PROBLEM TO WORK ON: Your answer must be an exact transcription of every record below, with the pictures omitted.

AVAILABLE DATA:
+ + +
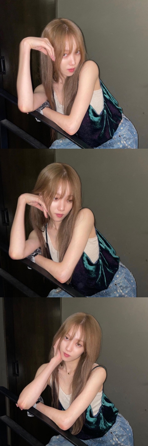 タンクトップにデニムを合わせたカジュアルな装いで、以前よりも明るくなった髪色がイ・ソンギョンのエキゾチックなビジュアルを際立たせている。
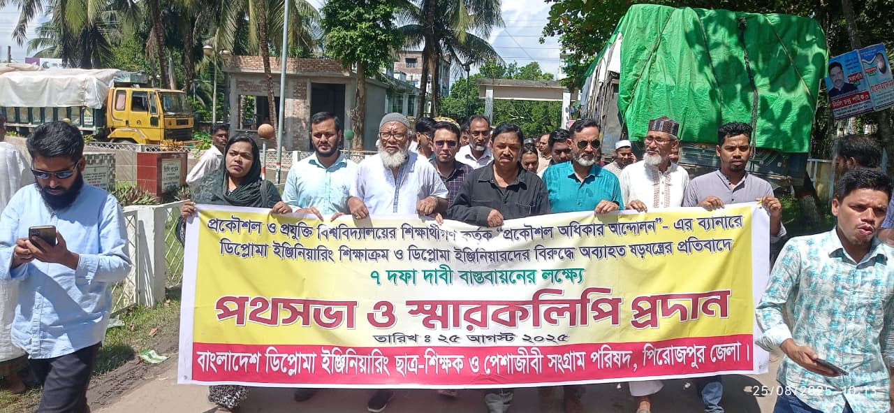 ডিপ্লোমা ইঞ্জিনিয়ারদের ৭ দফা দাবিতে পিরোজপুরে পথসভা ও স্মারকলিপি প্রদান
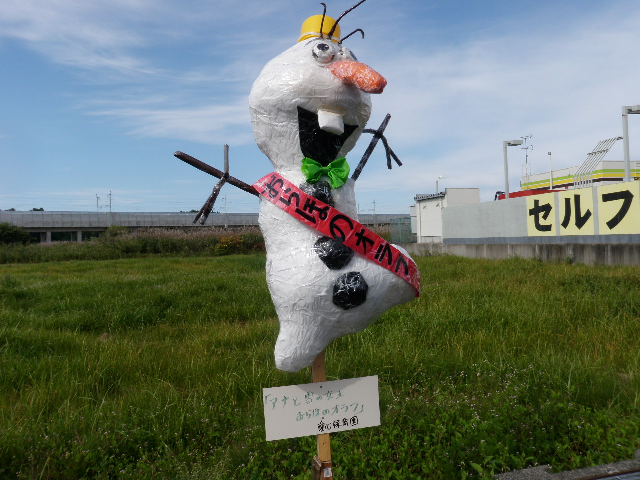 そこには、「かかしロード280」と掲げられたのぼりと、めずらしい「かかし」が
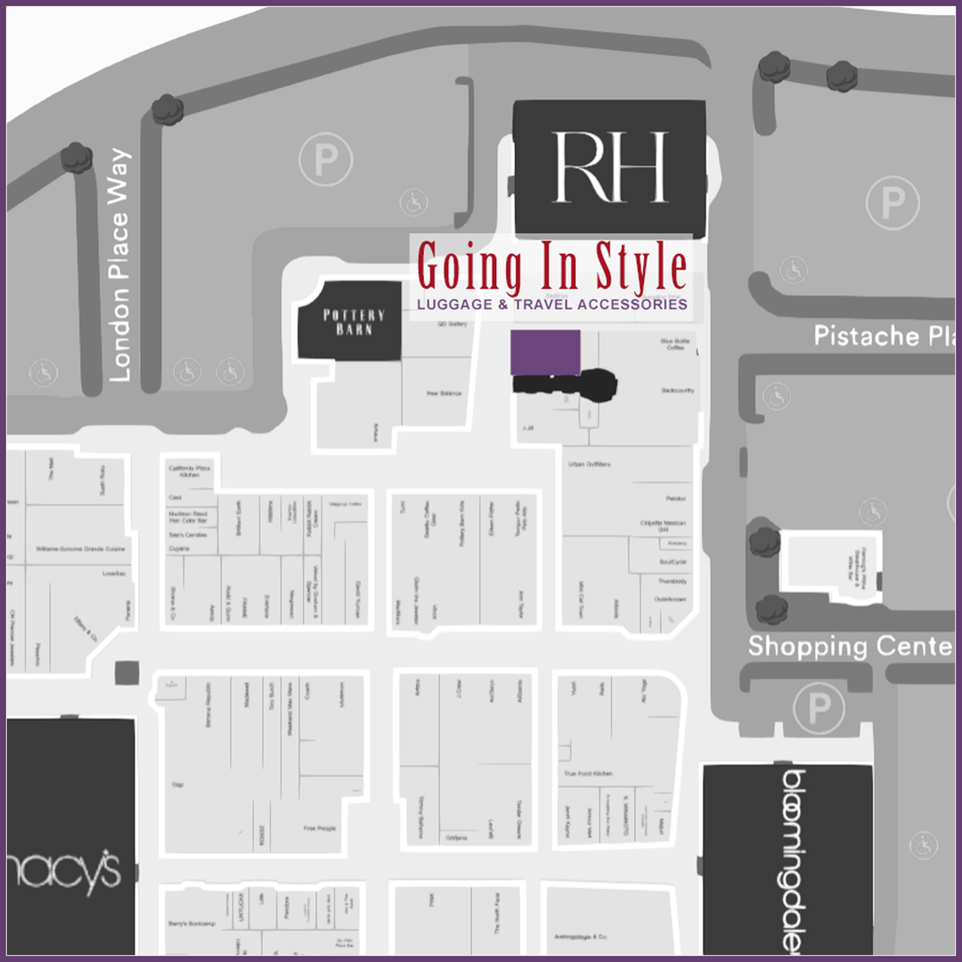 Going In Style Luggage Store is located South of Burlingame, CA at Stanford Mall near Restoration Hardware next to J. Jill
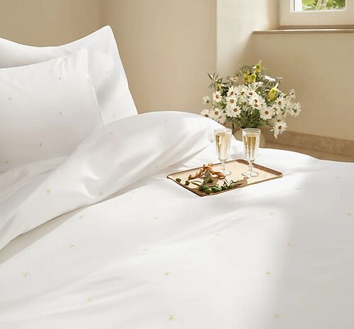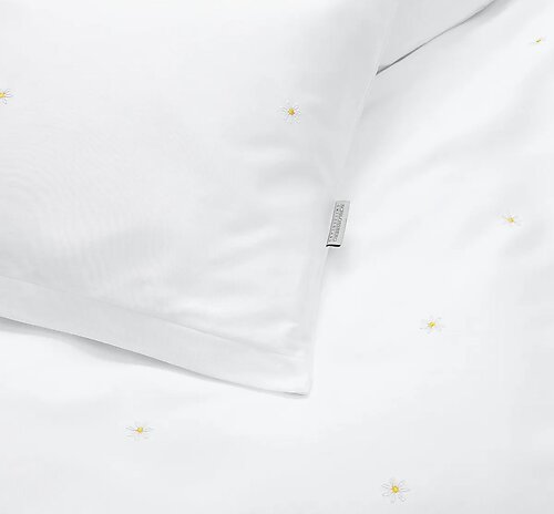 Imagine the feeling of running through a sunlit garden meadow, weaving delicate flower crowns as the warm summer breeze whispers through the air. The Schlossberg Daisy Bedding Collection brings this joyful nostalgia to life with its exquisite embroidered daisies, gracefully scattered across pure white cotton sateen. Each bloom is uniquely detailed, creating an elegant yet playful look that transforms your bed into a field of eternal summer bliss. Whether you're seeking romantic charm or a touch of natural serenity, this bedding collection is designed to enchant and inspire. Designed in Switzerland, made in EU. Special order, usually ships in 6-8 weeks. Not eligible for return, exchange or cancellation.
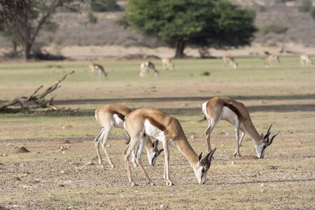 Springbok or Springbuck (Antidorcas marsupialis) grazing at dawn, Auob River, Kgalagadi Transfrontier Park, Kalahari, Northern Cape, South Africa
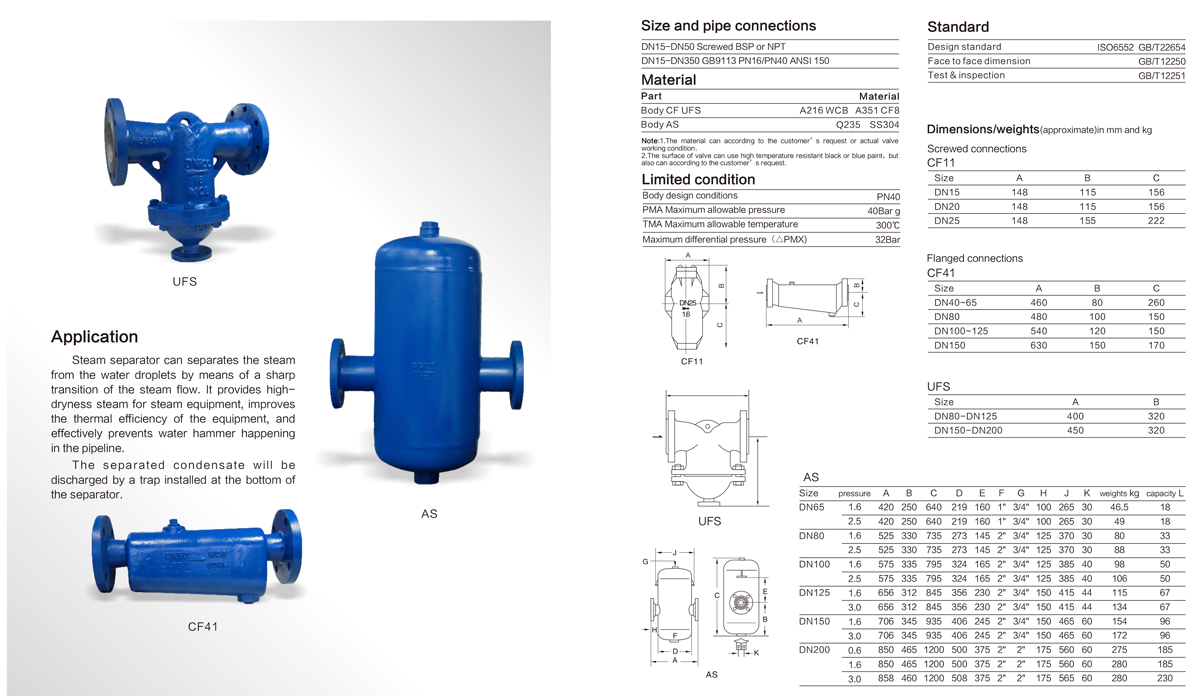 汽水分離器為壓力容器結(jié)構(gòu)碳鋼或不銹鋼設(shè)備,須安裝于水平管線上,排水口垂直向下,所有口徑的汽水分離器均帶安裝支架,以減小管道承載。為確保被分離的液體迅速排放,應(yīng)在分離器底部的排水口連接合適的一套疏水閥組合。 汽水分離器用于蒸汽、壓縮空氣及其它氣體系統(tǒng)可除去蒸汽、空氣或氣體等系統(tǒng)中所含水分。本類閥門在管道中一般應(yīng)當(dāng)水平安裝 上一個(gè)產(chǎn)品:
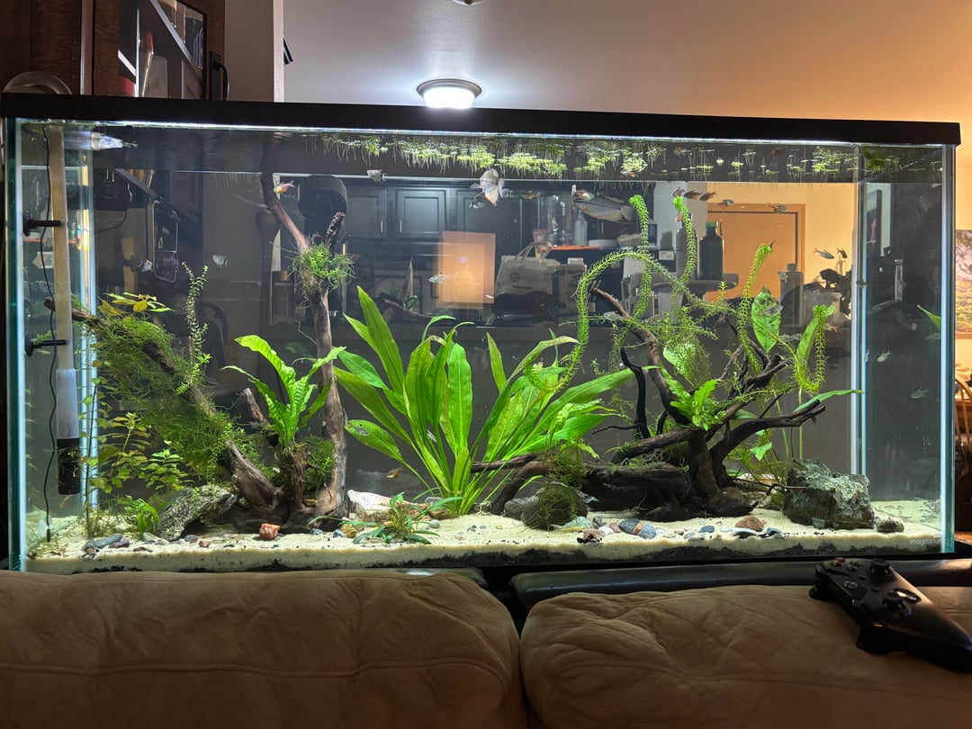 Currently stocked with about 25 tetra, Red eye tetra von rio and pristilla tetra, a couple of paleatus corys, 25 amano shrimp and 2 pearl gourami. Just re scapped the tank as my old one started to crack so I replaced it and re did it. Includes various anubias, java fern, luchens, amazon swords and ludwigia ovalis.
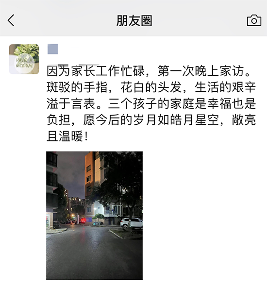 “因為家長工作忙碌,第一次晚上家訪。斑駁的手指,花白的頭發,生活的艱辛溢于言表。三個孩子的家庭是幸福也是負擔,愿今后的歲月如皓月星空,敞亮且溫暖!”8月26日晚,剛剛結束家訪的浙江省湖州藝術與設計學校沈曉飛老師在微信朋友圈分享了家訪后的動情感悟。無獨有偶,學校計旭霞老師也在家訪心得體會中記錄下小張父親的嘆息和對家庭教育指導的迫切需要。
+ + +
REPLY TO THE EXERCISE:
 タンクトップにデニムを合わせたカジュアルな装いで、以前よりも明るくなった髪色がイ・ソンギョンのエキゾチックなビジュアルを際立たせている。
 ডিপ্লোমা ইঞ্জিনিয়ারদের ৭ দফা দাবিতে পিরোজপুরে পথসভা ও স্মারকলিপি প্রদান
 そこには、「かかしロード280」と掲げられたのぼりと、めずらしい「かかし」が
 Going In Style Luggage Store is located South of Burlingame, CA at Stanford Mall near Restoration Hardware next to J. Jill
 Imagine the feeling of running through a sunlit garden meadow, weaving delicate flower crowns as the warm summer breeze whispers through the air. The Schlossberg Daisy Bedding Collection brings this joyful nostalgia to life with its exquisite embroidered daisies, gracefully scattered across pure white cotton sateen. Each bloom is uniquely detailed, creating an elegant yet playful look that transforms your bed into a field of eternal summer bliss. Whether you're seeking romantic charm or a touch of natural serenity, this bedding collection is designed to enchant and inspire. Designed in Switzerland, made in EU. Special order, usually ships in 6-8 weeks. Not eligible for return, exchange or cancellation.
 Springbok or Springbuck (Antidorcas marsupialis) grazing at dawn, Auob River, Kgalagadi Transfrontier Park, Kalahari, Northern Cape, South Africa
 汽水分離器為壓力容器結(jié)構(gòu)碳鋼或不銹鋼設(shè)備,須安裝于水平管線上,排水口垂直向下,所有口徑的汽水分離器均帶安裝支架,以減小管道承載。為確保被分離的液體迅速排放,應(yīng)在分離器底部的排水口連接合適的一套疏水閥組合。 汽水分離器用于蒸汽、壓縮空氣及其它氣體系統(tǒng)可除去蒸汽、空氣或氣體等系統(tǒng)中所含水分。本類閥門在管道中一般應(yīng)當(dāng)水平安裝 上一個(gè)產(chǎn)品:
 Currently stocked with about 25 tetra, Red eye tetra von rio and pristilla tetra, a couple of paleatus corys, 25 amano shrimp and 2 pearl gourami. Just re scapped the tank as my old one started to crack so I replaced it and re did it. Includes various anubias, java fern, luchens, amazon swords and ludwigia ovalis.
 “因為家長工作忙碌,第一次晚上家訪。斑駁的手指,花白的頭發,生活的艱辛溢于言表。三個孩子的家庭是幸福也是負擔,愿今后的歲月如皓月星空,敞亮且溫暖!”8月26日晚,剛剛結束家訪的浙江省湖州藝術與設計學校沈曉飛老師在微信朋友圈分享了家訪后的動情感悟。無獨有偶,學校計旭霞老師也在家訪心得體會中記錄下小張父親的嘆息和對家庭教育指導的迫切需要。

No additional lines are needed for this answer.